So it's a new year and perhaps you are thinking about goals for your yourself and your children. One common goal for many parents has to do with responsibility, and how to teach it. You've been trying to for years now and yet, somehow, your kids still aren't quite getting it. They still need to be pushed to get their homework done, to clean their room, or to do their chores around the house. It's getting harder and harder for you. What can you do?
We've heard it many times before, "It's hard to push a chain." This could likely be a problem of motivation. How can you make this a situation where your children are self-motivated rather than one where they are doing, or not doing, what you want?
The answer is "buy in." Your children need to feel that they are included in the decisions to do these things. They can pick which tasks need to be done each day, like homework, and which ones less often. If they help make a calendar for their tasks they are already taking responsibility.
Another way to motivate by pulling the chain is to change the consequences. Instead of taking things away, provide rewards when things get better. And let them pick the rewards from a list that you make with them. Again, this puts them into a position of making choices for themselves. And isn't that a large part of responsibility? You might want to use a point system where they earn more points for harder jobs, or getting them done in good fashion. But points are not taken away, only not earned when there is no effort made. Avoid the ego battle.
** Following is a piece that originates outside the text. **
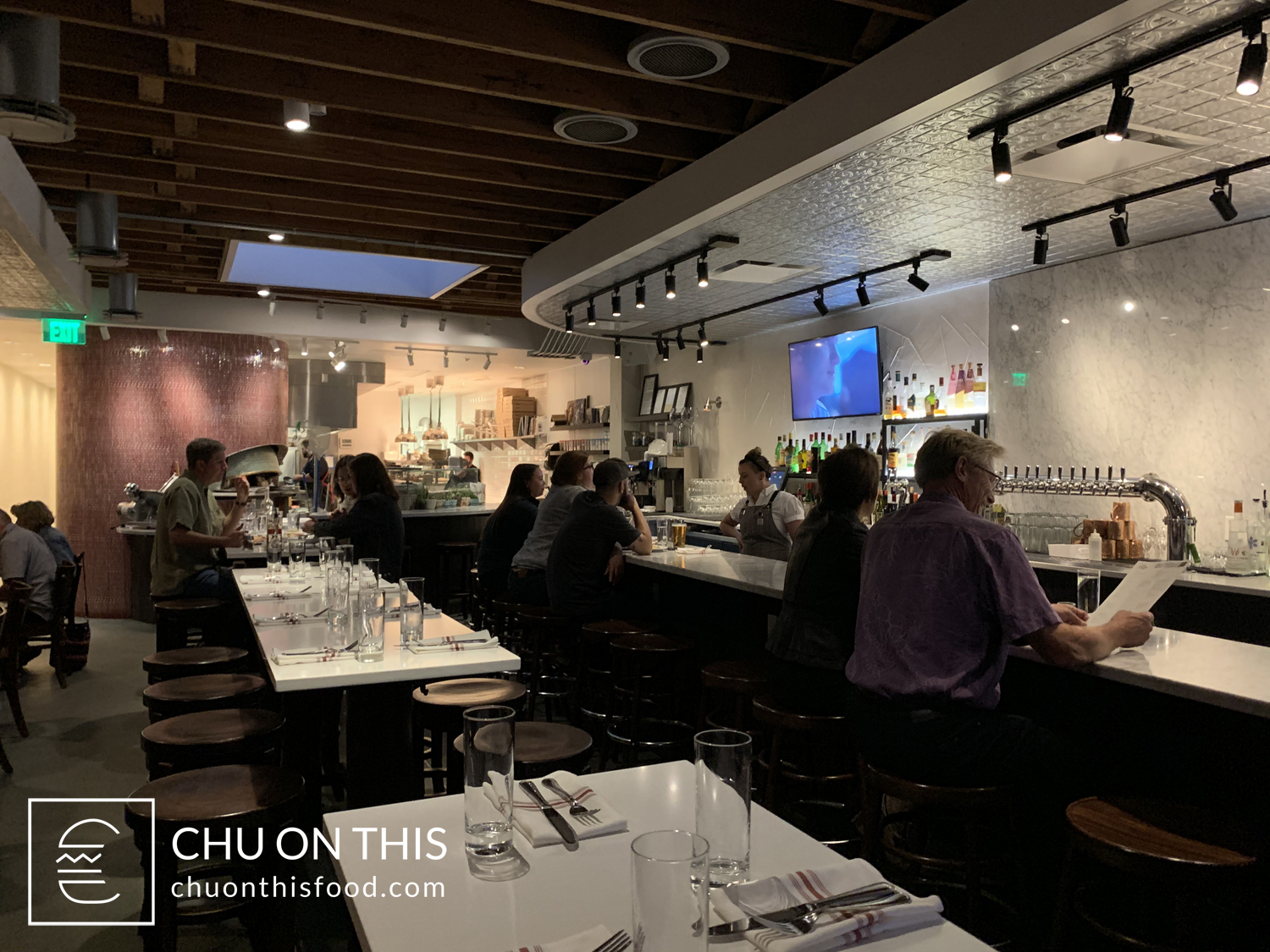It seemed like a relatively casual atmosphere in the outdoor dining patio in the front of the restaurant, where there were a good number of people seated. But the moment you step inside, you immediately get a chic vibe from the place. The bar top was made from smoke gray granite that blended in really nicely with the rest of the restaurant’s décor. The high tops that we got seated at were made from either quartz or some other type of polished stone. But even though the atmosphere inside might have felt a bit refined, I didn’t feel out of place at all dressed in a polo and jeans.

There are many ways to adapt these ideas to fit your family. You know yourself and your children. That's your job. I know you already spend lots of time and energy with your kids and might think that this is one more thing on top. But pulling the chain is much easier and works better. And it changes the interaction to a positive one. You will find your children talking with you instead of arguing. When kids participate in life decisions they become self motivated, and more mature.
Good luck to you in this important goal. It will help your children see that taking responsibility can be a positive experience for themselves. And for you too.